Proportion of species extinctions (ε) in the simulated landscape after 90% habitat conversion given by the linear, classic SAR and the countryside SAR. Points corresponds to the average number of species extinctions (across 1000 simulations) calculatsed in all sampling windows of a given sampling scale (a natural log transformation was applied to the area of the sampling window). Inset illustrates the nested sampling, with white squares corresponding to human-modified habitat and grey squares to the native habitat. For all models, z = 0.2, with, h 1 = 1 for the native habitat and h 2  = 0.01 for the modified habitat. Error bars indicate for each model, the standard deviation of the fraction of species remaining at a given sample grain.

Using the linear model, the fraction of extinctions is constant across scales but is scale dependent for the countryside and classic SAR: the mean proportion of species extinctions decreases with increasing sampling scale for the two SAR models (Fig. 2). This suggests that the linear model overestimates the proportion of species going extinct at large scales.

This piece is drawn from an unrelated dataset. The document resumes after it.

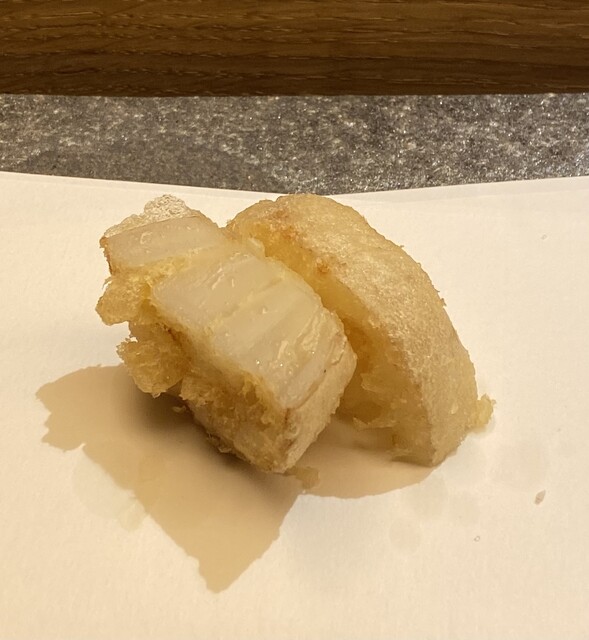 帆立貝は2種類の方法で供された。半身の一つは通常の揚げ方。外側は揚がっているのに、中はレアに近い見事な揚げ方。新しい趣向として、もう一つの半身を磯辺焼きの要領で海苔に包んで手渡しする。鮨屋みたいな演出だ。

That is, the sensitivity of a taxonomic group to habitat change cannot be linearly extrapolated for scales other than those at which the study was conducted.

For a small sampling grain, the mean proportion of species extinctions estimated with the classic SAR approaches the proportion of human-modified habitat in the landscape (90% in Fig. 2, 50% and 10% in Supplementary Fig. S3). This proportion of extinctions is much higher than what is known to happen from the field studies at the local scale (linear model). This happens because the classic SAR assumes that the human-modified habitat is completely inhospitable (e.g. when 90% of the habitat is converted, local species richness becomes zero in 90% of the sites).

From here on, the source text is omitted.